Figure 2Oral glucose tolerance tests (OGTTs) and insulin tolerance tests (ITTs) in ovariectomized mice. OGTT and ITT in wild‐type (WT; white circles and bars), green fluorescent protein inserted into the glucose‐dependent insulinotropic polypeptide (GIP) locus, in which the GIP locus was reduced (GIPgfp/+; gray circles and bars) and absent (GIPgfp/gfp; black circles and bars) mice. OGTTs were carried out at (a–c) 17 weeks‐of‐age in cohort 1 (n = 6) and (e–g) 37 weeks‐of‐age in cohort 2 (n = 7). ITTs were carried out at (d) 24 weeks in cohort 1 (n = 4‐6) and (h) 40 weeks in cohort 2 (n = 7). (a,e) Blood glucose levels, (b,f) plasma insulin levels during OGTTs, (c,g) plasma total GIP levels during OGTTs and (d,h) blood glucose levels during ITTs as the percentage change from fasting glucose levels.
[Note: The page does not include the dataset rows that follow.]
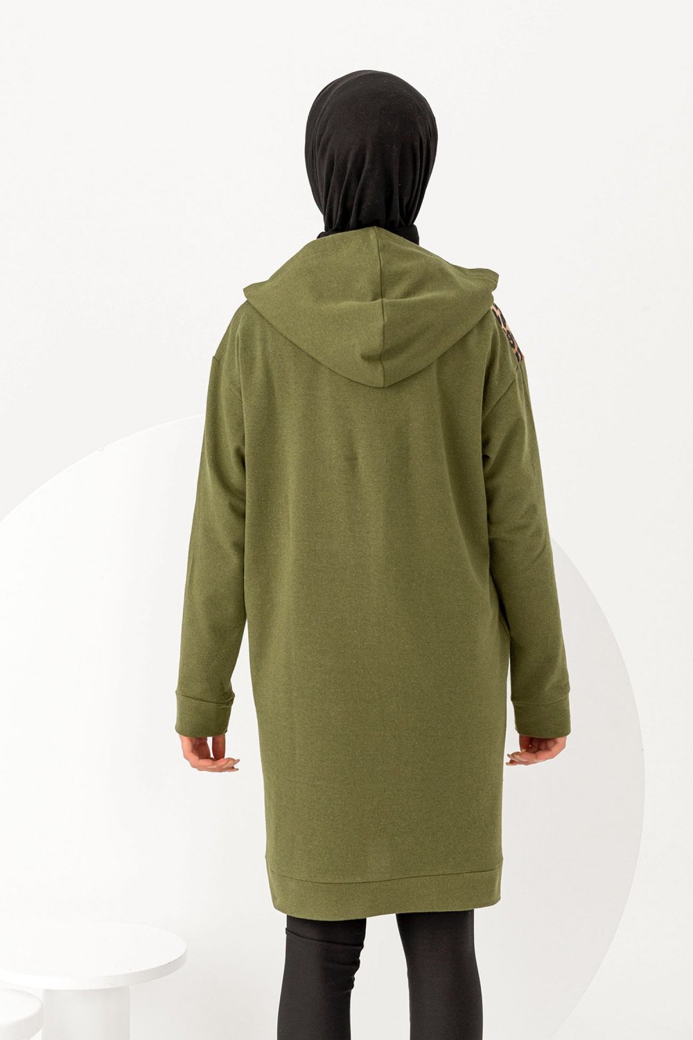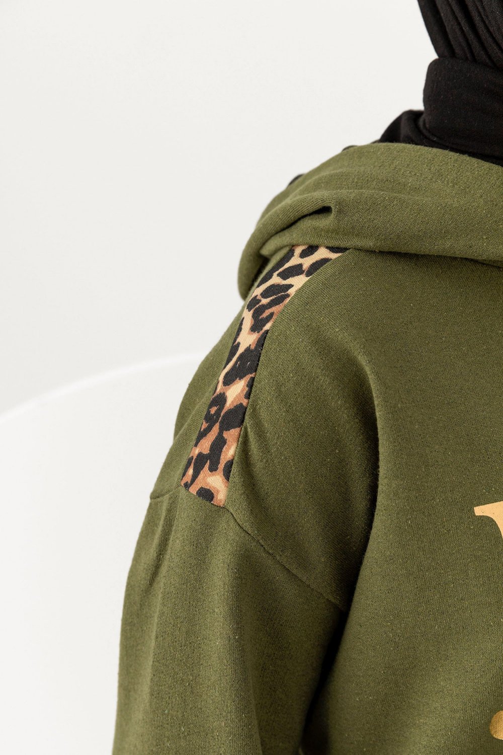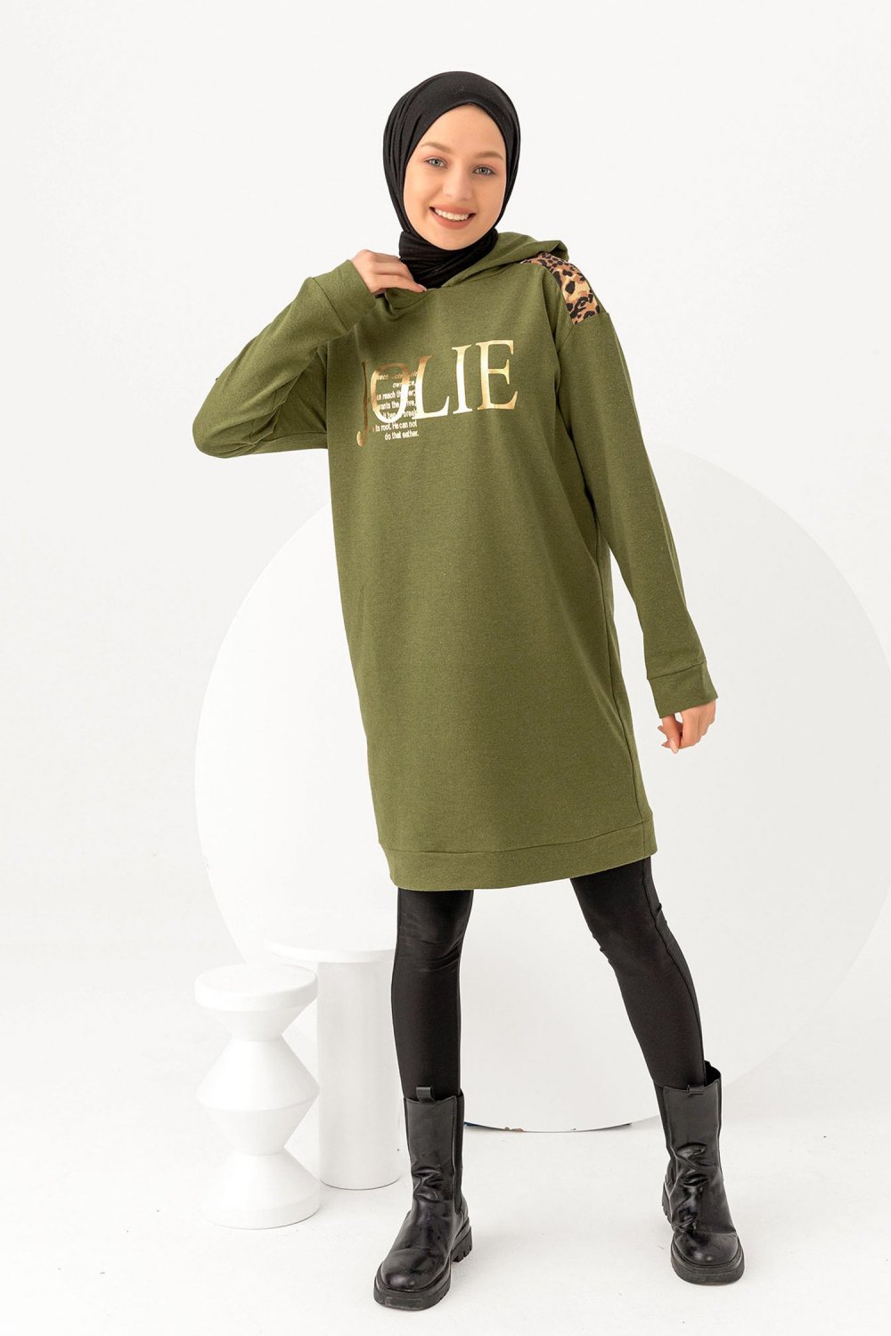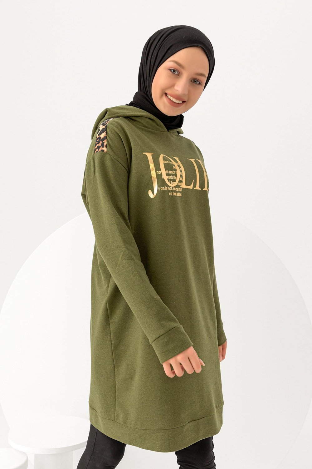 Tunique décontractée ample pour femme type sweat-shirt avec capuche et imprimé doré - Couleur kaki Vetement & Accessoire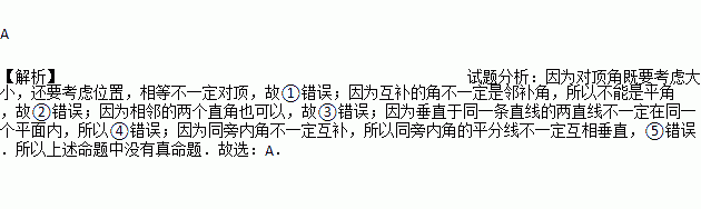 ③互补的两个角一定是一个锐角,另一个为钝角;
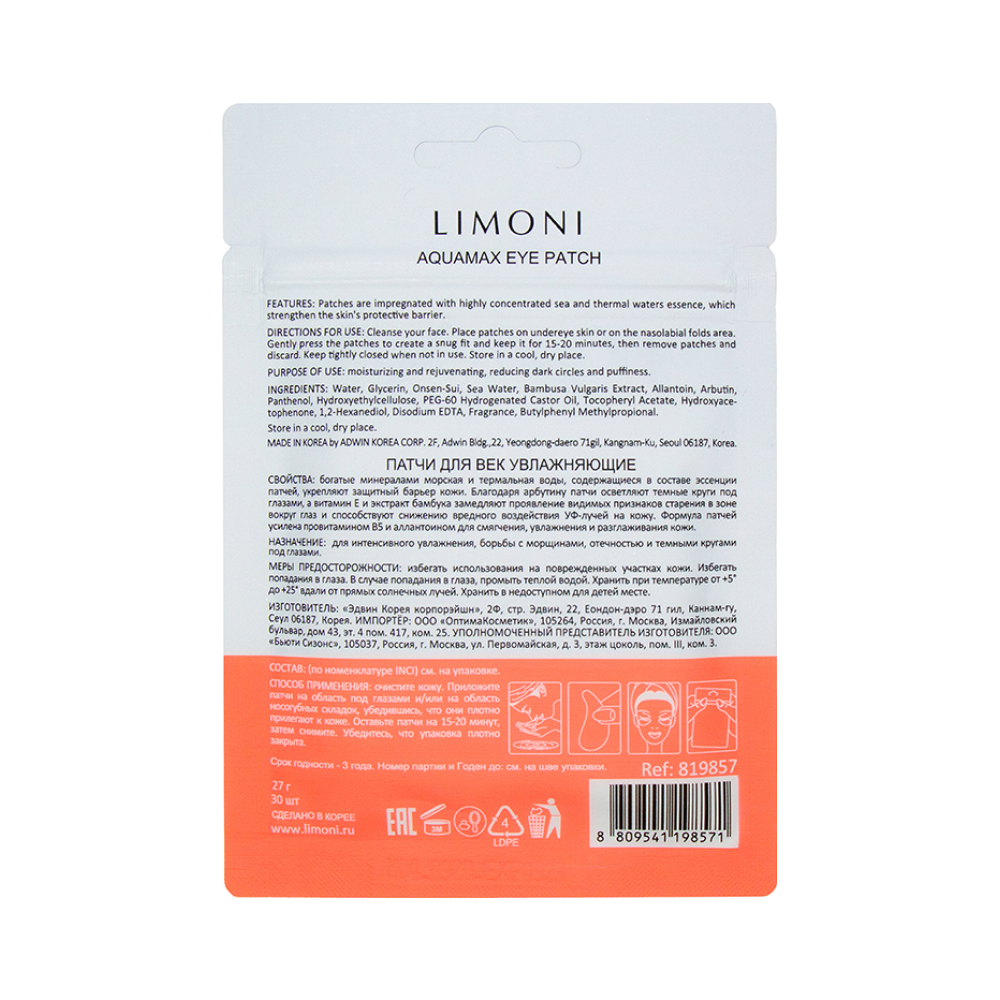 Патчи для век увлажняющие Aqumax Eye Patch 30 шт Limoni COSON Co., Ltd (1526866)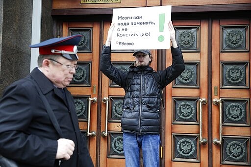 A member of the liberal Yabloko Party holds a poster reading: "You need to change the brain, not the constitution!" as he stages a one-man picket at the State Duma, the Lower House of the Russian Parliament in Moscow, Russia, Wednesday, March 11, 2020. The Russian parliament has approved a sweeping constitutional reform that will allow President Vladimir Putin to stay in power for another 12 years after his current term ends in 2024. Wednesday's vote was the third and final reading. (AP Photo/Pavel Golovkin)

The area under the curves (AUC) are shown in the upper right panel of each figure. *P < 0.05, **P < 0.01, ***P < 0.001 compared with WT. NS, not significantly different.
Bone analysis in ovariectomized mice
| WT | GIPgfp/+ | GIPgfp/gfp | |
|---|---|---|---|
| Body length (cm) | 9.4 ± 0.02 | 9.4 ± 0.06 | 9.4 ± 0.07 |
| Body weight (g) | 25.5 ± 0.82 | 25.8 ± 1.02 | 23.5 ± 0.72 |
| BMD (g/cm2) | 22.2 ± 1.1 | 23.6 ± 1.5 | 20.7 ± 1.3 |
| Whole BMD (mg/cm3) | 360.3 ± 28.2 | 325.5 ± 8.0 | 308.4 ± 19.6 |
| Cortical BMD (mg/cm3) | 358.9 ± 22.7 | 331.7 ± 9.3 | 332.8 ± 6.3 |
| Cancellous BMD (mg/cm3) | 287.8 ± 63.7 | 148.3 ± 14.3 | 104.4 ± 22.4 |
| Cortical thickness (cm) | 0.074 ± 0.008 | 0.066 ± 0.009 | 0.038 ± 0.001 |
| Plasma osteocalcin (ng/mL) | 47.8 ± 3.1 | 40.1 ± 3.2 | 29.4 ± 2.1 |
| Plasma CTx (ng/mL) | 16.9 ± 0.71 | 17.0 ± 0.53 | 17.9 ± 0.51 |
Data presented as the mean ± standard error of the mean. BMD, bone mineral density; CTx, C‐terminal telopeptide of type I collagen. *P < 0.05 versus wild‐type mice (WT). **P < 0.01 versus WT. ***P < 0.05 versus green fluorescent protein (GFP) inserted into the glucose‐dependent insulinotropic polypeptide (GIP) locus, in which the GIP locus was reduced (GIPgfp/+) and absent (GIPgfp/gfp) mice.